Morphological analyses of embryos and larvae

The health state of the embryos and larvae were assessed by using a light microscope and classified on the basis of the morphology and synchronicity of embryonic and larval development compared with controls. In detail, embryos were separated into three categories, designated as developed (D), anomalously developed (AD), and non-developed embryos (ND) according to Gambardella et al.38. D embryos showed normal development, with well-structured archenteron and migratory cells entering the coelom; AD embryos were characterized by defective gastrulae, with typical signs of asymmetrical migration of primary mesenchyme cells and ND embryos showed both an arrested development and gastrulae lacking archenteron and coelom.
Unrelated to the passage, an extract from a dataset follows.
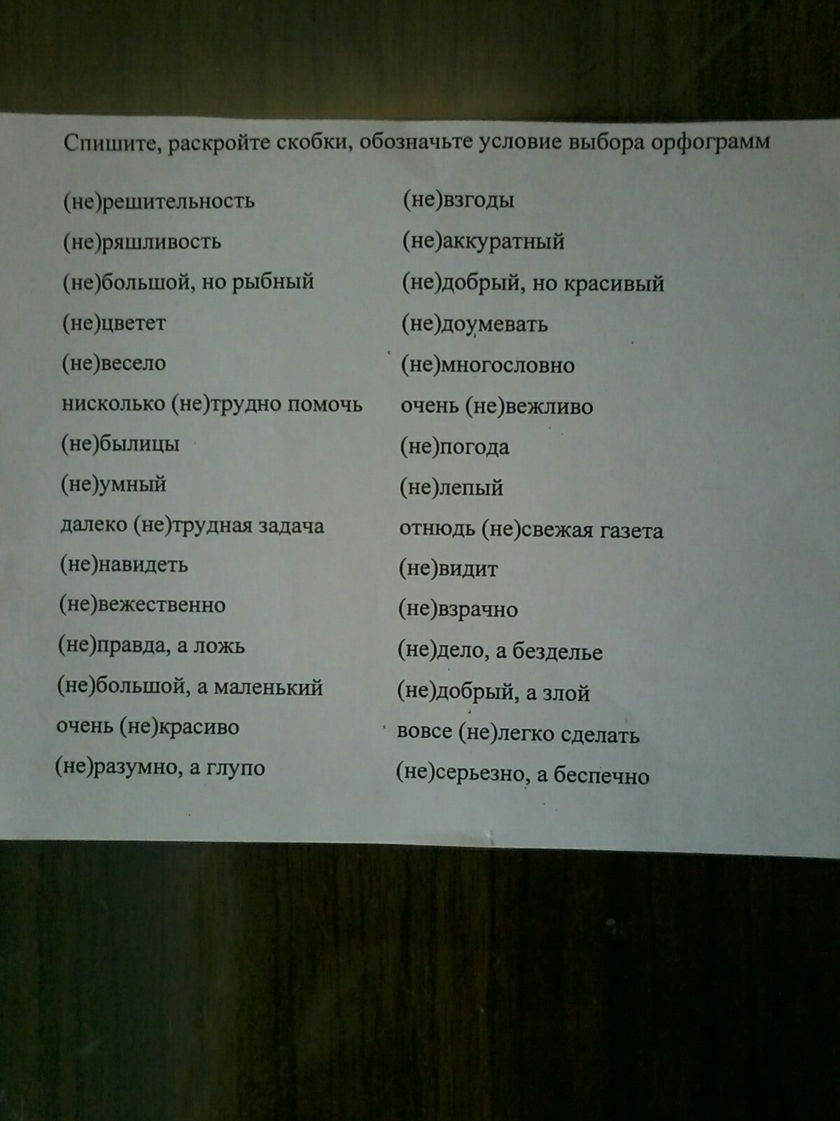 нерешительность,неряшливость, небольшой,не цветет,не весело, не трудно,небылицы,не умный,не трудная,ненавидеть,невежество,не правда,не большой,не красиво,не разумный,невзгоды,не аккуратный,не добрый,не доумевать,не многословно,

Cone-shaped larvae at the pluteus stage with four fully developed arms, with complete skeletal rods and with a skeleton of similar size to that of control larvae, were considered as normal larvae according to Carballeira et al.36, 53. In addition, different types of malformations could be distinguished: crossed, separated tip and fused arms, folded tip and fractured ectoderm, and undeveloped stages. Such malformations were classified according to the degree of larval alteration (level 0: normal development, level 1: incorrect location of skeletal rods, level 2: incomplete or absent skeletal rods, and level 3: development block at the 4-arms pluteus), to establish the severity of the sunscreen impact. Therefore, at the end of the experiment (t24h), we determined the frequency of anomalies for each degree of larval alteration and calculated the index of sunscreen impact (ISI) as follows:

$${\rm{ISI}}=[0\times \% \,{\rm{level}}\,0+1\times \% \,{\rm{level}}\,1+2\times \% \,{\rm{level}}\,2+3\times \% \,{\rm{level}}\,3]/100$$

ISI index ranges from 0 (no impact) to 3 (high impact), including also the levels 1 (slight impact) and 2 (moderate impact).
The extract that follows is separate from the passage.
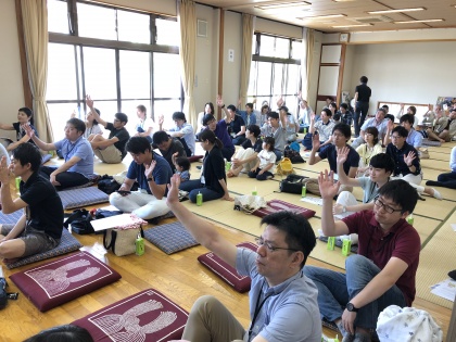 後半は、一般社団法人減災ラボさんにご協力いただき「防災コンテンツ」を提供。「いざという時どう行動するのがベストなのか」スクリーン映像による災害事例の紹介や、クイズ形式でいざというときの備えを学ばれ、共有されていました。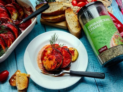 1. Овощи нарежьте кружочками, присолите, посыпьте травами.

Acetylcholinesterase activities

Unfixed samples of P. lividus larvae were used to determine acetylcholinesterase activity (AChE, EC, by using the spectrophotometric method54. Additional details are reported in the Supplementary Information. AChE activity were expressed as micromoles of substrates hydrolysed per minute per mg of proteins at room temperature.

Statistical analyses

For the experiments with P. lividus, differences in the investigated variables (univariate tests) between controls and treatments, during the experimental time were assessed using permutational analyses of variance (PERMANOVA)55, 56. The design included three factors (time, treatment and concentration). When significant differences were encountered (p < 0.05) post-hoc pairwise tests were also carried out. Statistical analyses were performed using the routines included in the PRIMER 6+ software57. In the experiments with fibroblasts, significant differences between control and treated samples for cell viability and ROS production were determined using the T-test whereas for gene expression analysis, the Mann-Whitney U test was used.

Ethics Statement

Farming in aquaria of P. lividus was performed in accordance with the best practices developed for the echinoderm species in order to optimize animal health. No specific permissions were required for the locations/activities because P. lividus is an invertebrate species, not classified as endangered or protected. All facilities and procedures were compliant with the guidelines of European Union (Directive 609/86).